• **MATERIALS PROVIDED**

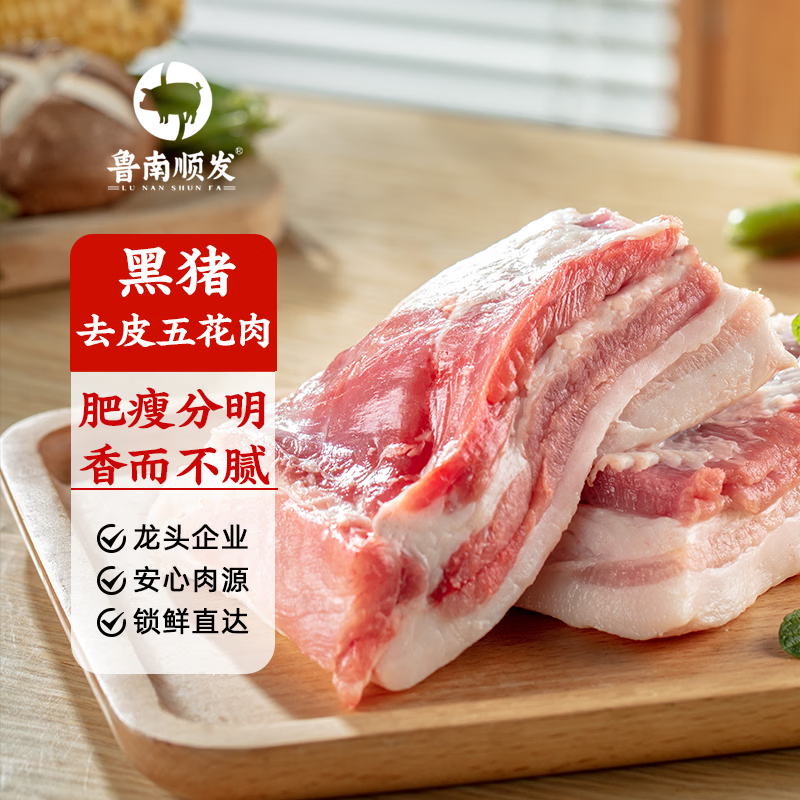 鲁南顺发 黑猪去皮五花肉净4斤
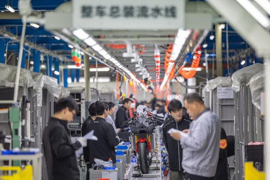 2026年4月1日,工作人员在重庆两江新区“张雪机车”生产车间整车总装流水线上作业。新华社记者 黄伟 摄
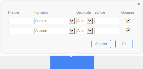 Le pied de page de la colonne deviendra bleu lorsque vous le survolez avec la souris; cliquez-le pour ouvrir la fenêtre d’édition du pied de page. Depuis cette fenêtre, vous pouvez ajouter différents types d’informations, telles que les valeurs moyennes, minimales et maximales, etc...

==

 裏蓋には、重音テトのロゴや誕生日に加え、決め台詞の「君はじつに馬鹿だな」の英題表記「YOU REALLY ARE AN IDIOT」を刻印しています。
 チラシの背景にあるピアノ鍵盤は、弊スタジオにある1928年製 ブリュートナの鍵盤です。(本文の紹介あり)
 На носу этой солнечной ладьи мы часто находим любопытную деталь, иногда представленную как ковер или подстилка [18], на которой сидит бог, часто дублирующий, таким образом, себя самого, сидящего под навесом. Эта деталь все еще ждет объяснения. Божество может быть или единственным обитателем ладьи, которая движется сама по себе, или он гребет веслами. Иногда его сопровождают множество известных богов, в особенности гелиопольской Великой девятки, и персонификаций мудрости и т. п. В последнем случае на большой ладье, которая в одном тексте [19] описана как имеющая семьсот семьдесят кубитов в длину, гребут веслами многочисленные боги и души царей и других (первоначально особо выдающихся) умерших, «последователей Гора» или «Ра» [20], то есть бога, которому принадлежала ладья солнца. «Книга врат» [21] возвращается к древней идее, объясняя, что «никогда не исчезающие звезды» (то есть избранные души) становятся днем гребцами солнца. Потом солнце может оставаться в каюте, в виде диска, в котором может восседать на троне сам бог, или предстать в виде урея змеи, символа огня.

* * *

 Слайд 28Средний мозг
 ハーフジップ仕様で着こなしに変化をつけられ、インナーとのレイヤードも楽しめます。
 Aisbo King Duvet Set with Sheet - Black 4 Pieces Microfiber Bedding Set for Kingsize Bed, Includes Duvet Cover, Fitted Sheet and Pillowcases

• **WHAT TO WORK ON**
What you return must match the lines above from the one with "鲁南顺发 黑猪去皮五花肉净4斤" through the one with "Le pied de page" exactly, with both ends included and the pictures excluded.

• **ANSWER TO THIS EXERCISE**
 鲁南顺发 黑猪去皮五花肉净4斤
 2026年4月1日,工作人员在重庆两江新区“张雪机车”生产车间整车总装流水线上作业。新华社记者 黄伟 摄
 Le pied de page de la colonne deviendra bleu lorsque vous le survolez avec la souris; cliquez-le pour ouvrir la fenêtre d’édition du pied de page. Depuis cette fenêtre, vous pouvez ajouter différents types d’informations, telles que les valeurs moyennes, minimales et maximales, etc...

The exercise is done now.